* _Your task_
From the records below, count the lines containing the word "etter" and give only that number.

* _Dataset records_
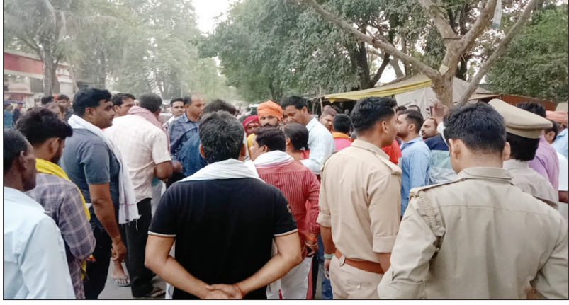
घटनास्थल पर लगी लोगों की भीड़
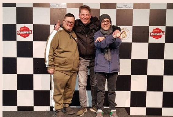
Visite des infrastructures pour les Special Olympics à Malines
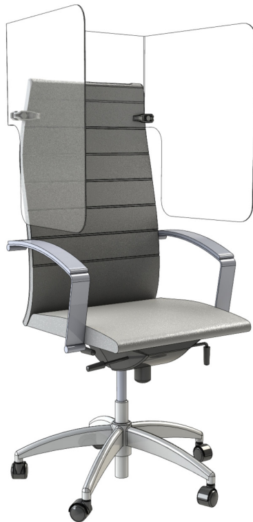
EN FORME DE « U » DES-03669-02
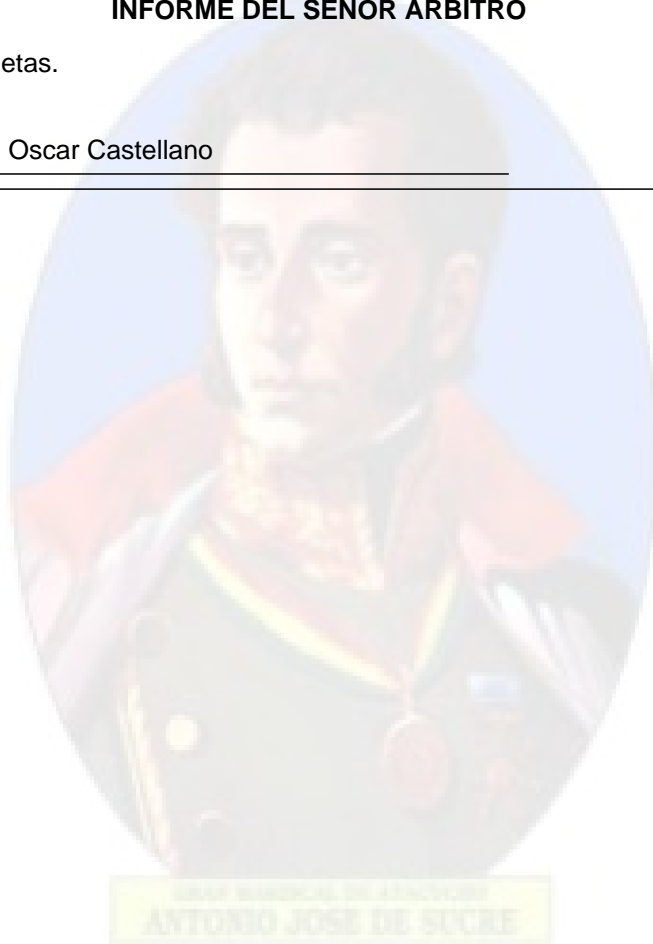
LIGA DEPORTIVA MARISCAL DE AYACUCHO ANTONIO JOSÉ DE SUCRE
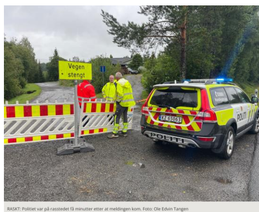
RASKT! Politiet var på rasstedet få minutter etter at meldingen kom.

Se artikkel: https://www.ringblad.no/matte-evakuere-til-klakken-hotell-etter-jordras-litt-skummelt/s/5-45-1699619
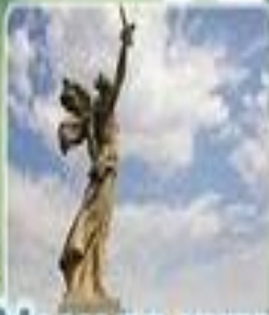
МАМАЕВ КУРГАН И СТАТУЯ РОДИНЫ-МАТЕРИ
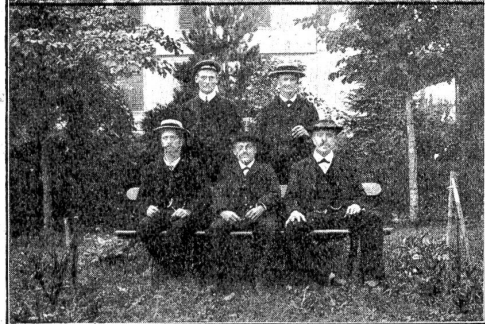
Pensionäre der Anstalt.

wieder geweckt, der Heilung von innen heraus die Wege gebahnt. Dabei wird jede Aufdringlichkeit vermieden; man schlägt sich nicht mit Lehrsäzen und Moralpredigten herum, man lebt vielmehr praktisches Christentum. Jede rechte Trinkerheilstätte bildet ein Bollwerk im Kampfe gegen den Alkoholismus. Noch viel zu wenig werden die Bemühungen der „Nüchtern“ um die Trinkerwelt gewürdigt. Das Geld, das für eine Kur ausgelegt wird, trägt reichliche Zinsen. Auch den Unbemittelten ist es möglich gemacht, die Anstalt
* * *
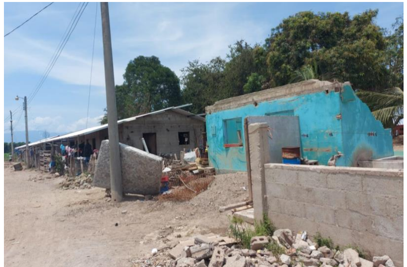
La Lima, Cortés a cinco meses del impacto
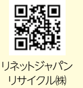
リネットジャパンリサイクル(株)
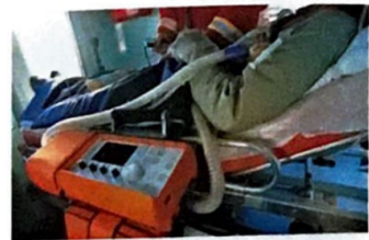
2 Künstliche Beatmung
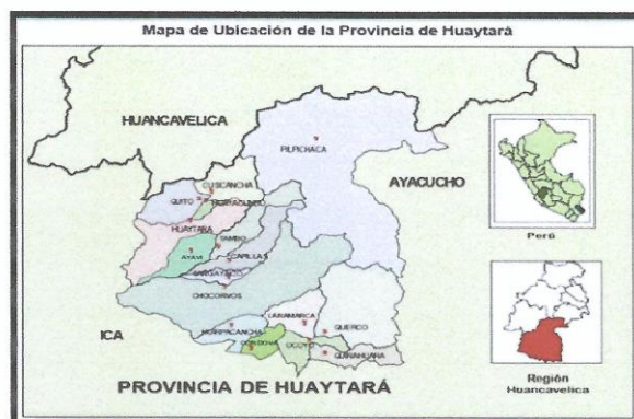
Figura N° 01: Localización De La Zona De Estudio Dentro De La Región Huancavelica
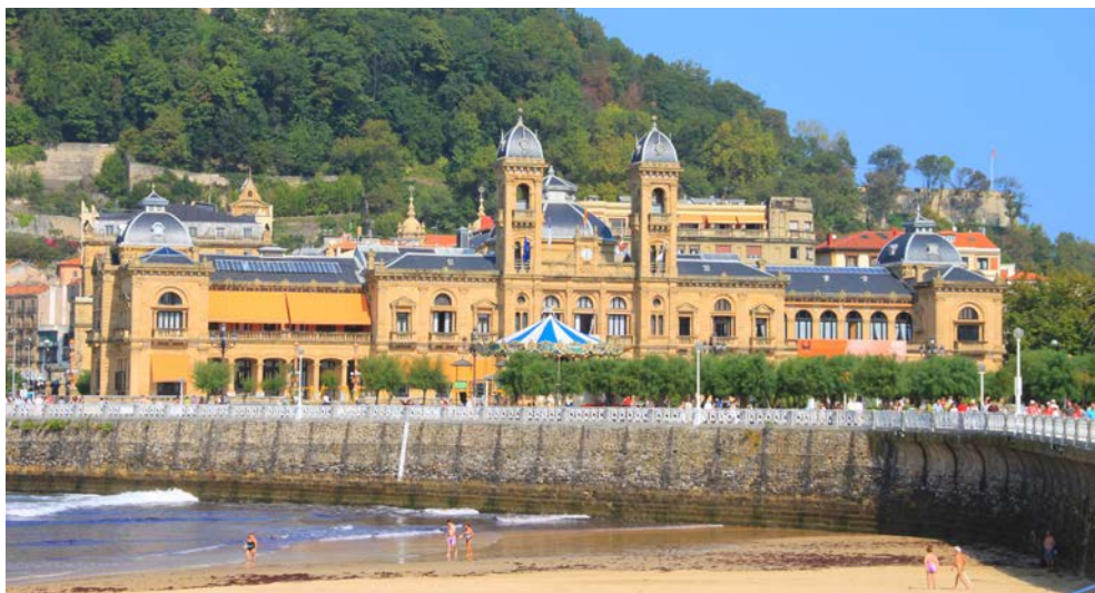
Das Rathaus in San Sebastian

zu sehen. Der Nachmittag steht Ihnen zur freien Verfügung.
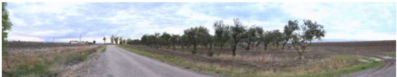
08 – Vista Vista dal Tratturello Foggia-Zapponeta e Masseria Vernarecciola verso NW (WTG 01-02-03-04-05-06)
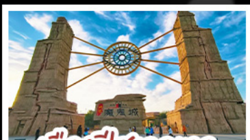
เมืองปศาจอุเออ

* _Answer box_
2